8.01.2008

disorder in politics

Where do political problems come from? Following Aristotle's definition, politics is the study of how human beings ought to order their lives together. It is, in the deepest sense, a study of human nature. Political problems, then, are human problems. Human problems have a multitude of sources. The source of our greatest problems is easiest to name: sin, or moral evil. Evil unquestionably causes disorder in politics. Its faces are many: Distrust, dishonesty, violence, arrogance, betrayal, the desire for power over others, to name a few. Sin is the ultimate problem and the problem that condemns us and causes the greatest disorders and evils. But is it the only problem? Father James Schall teaches us that it is not the only political problem
... finiteness, which is itself a good, is also responsible for much of the disorder in the world, as well as for much of the good. We cannot equate evil and disorder without further qualifications. This is another way of saying that man has a real task in the world itself, that the existence of God does not obviate the existence of man. Man's place and task in the world are, therefore, significant. They involve essentially the eradication of the cruder limits of finiteness by knowledge and experience. The world is there to be put in order by man. This is the primary political and social mission of the race precisely as the mortals who will pass through the world. This means too that man is dignified by God precisely by not having been given everything in a complete form. A good deal of the inflexibility and difficulty we experience, then, is due to the fact that man only slowly learns to attack the real problems before him because he it is who must learn to cope with his own life on Earth. Our generation begins to solve the problems the previous age suffered under. Yet, a new generation may forget or ignore the lessons of the previous ages. There is no necessary progress. And this is why the study of history is always fruitful, for men before our time really did know things, things we may well not know.

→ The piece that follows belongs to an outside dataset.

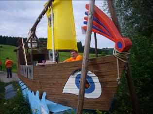 Zusammen mit dem Faschingswagenverein Hopferbach Mitanand, Freunden und Familienmitgliedern stellten die Trike-Vagabunden ein klasse Fest auf die Beine. In den umliegenden Quartieren und auf dem Campingplatz fand jeder eine Unterkunft. Der Shuttle-Service funktionierte reibungslos. Begrüßt wurde man mit einem Stamperl und als Zuckerl für die Anmeldung gab es noch eine Trike-Vagabunden-Anstecknadel. Die 3 Euro Eintritt waren als kleiner Unkostenbeitrag gedacht. |
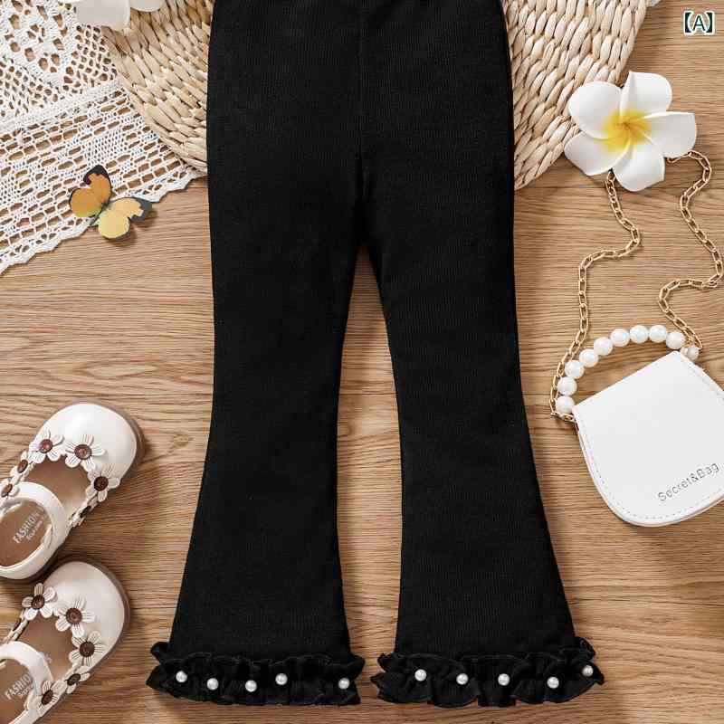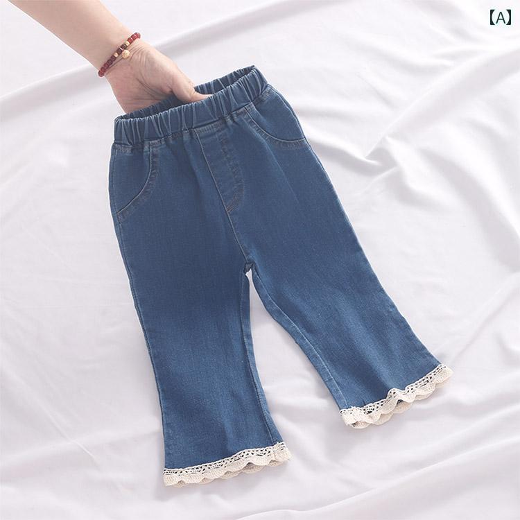 春 夏 秋 冬 キッズ 子供 ベビー 赤ちゃん ファッション おしゃれ かわいい かっこいい 男 女 韓国 女子 子供用 ベルボトムパンツ スリム ストレッチパンツ かわいい レース かわいい アウター ウェア スタイリッシュ スリム ビッグ ガール

The limits of finitude, consequently, are expanded by labor and patience, by knowledge and memory. At this point, one further theological observation is worth making. If a man thinks that all of the suffering and disorder in the world are due, with no further qualification, to human evil and not also to finiteness, then he will end up logically by calling the human condition, as such, evil. He will probably even rebel at being a man at all since that involves, in part, the recognition of finiteness as a good, not an absolute good, but a good nonetheless. Indeed, I think a good part of the political turmoil in recent years has been the result of precisely this intellectual confusion...

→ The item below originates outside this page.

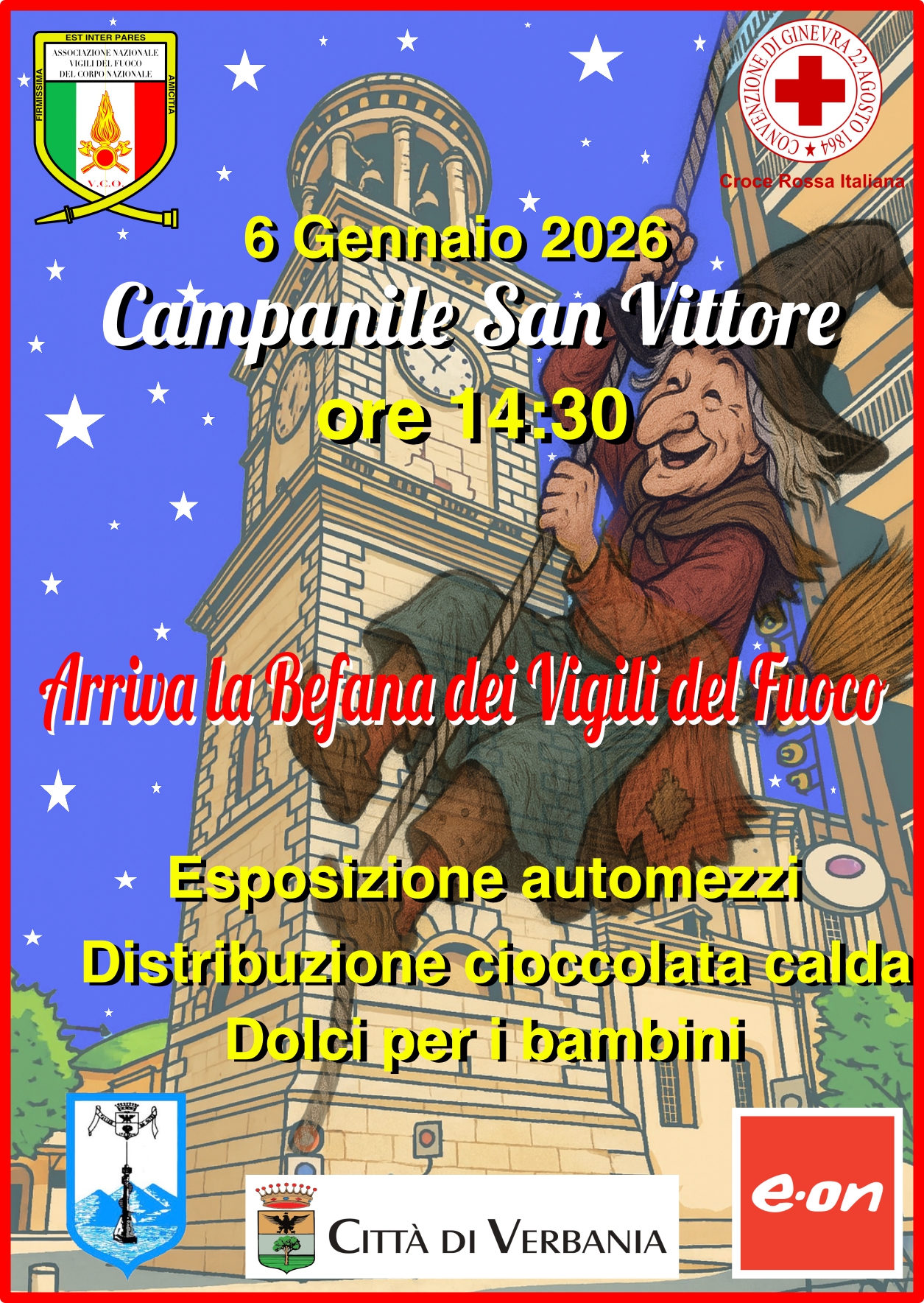 Martedì 6 gennaio 2026 alle ore 14:30 si festeggia l’arrivo della Befana dei Vigili del Fuoco con Esposizione automezzi, distribuzione cioccolata calda e dolci per i bambini.

- Father James Schall, S.J., "Christianity and Politics" pp. 86-87
This is an abstract point, but it seems to me to be something that is not often considered. Human beings are finite, the choices we make are limited. We have to decide to DO something, and there may be many courses of action that are valid and good. This multitude of good paths to choose from causes disorder in politics. We must organize ourselves somehow. We need to deliberate and choose between different courses of action.

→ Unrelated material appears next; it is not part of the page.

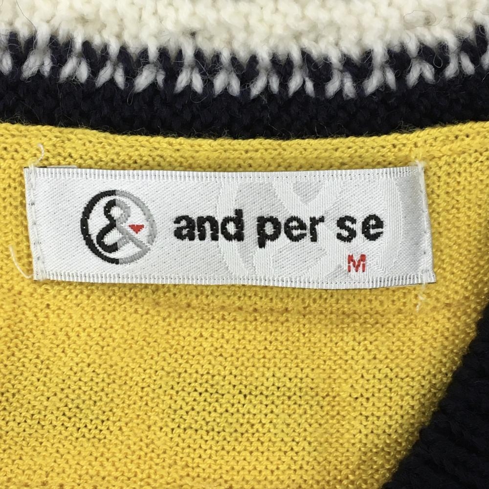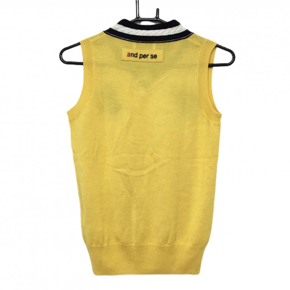 【美品】アンパスィ ニットベスト イエロー×ネイビー 襟元ケーブル編み ウール混 レディース M ゴルフウェア and per se
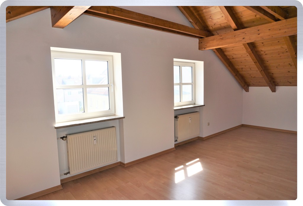 In dieser Wohnung befindet sich ein geräumiger Wohnbereich mit Sichtdachstuhl.

This is perhaps why Aquinas held that, contrary to Madison, angels needed government. They are without sin, but they are finite creatures. Being finite creatures, their potentiality is limited, and therefore must decide what to do. They need to organize themselves in action to be efficient. This need for organization can cause disorder (perhaps not nearly as much disorder for angels, whose intellect is held to be greatly superior to ours).

I think there's a lot to this idea of finitude.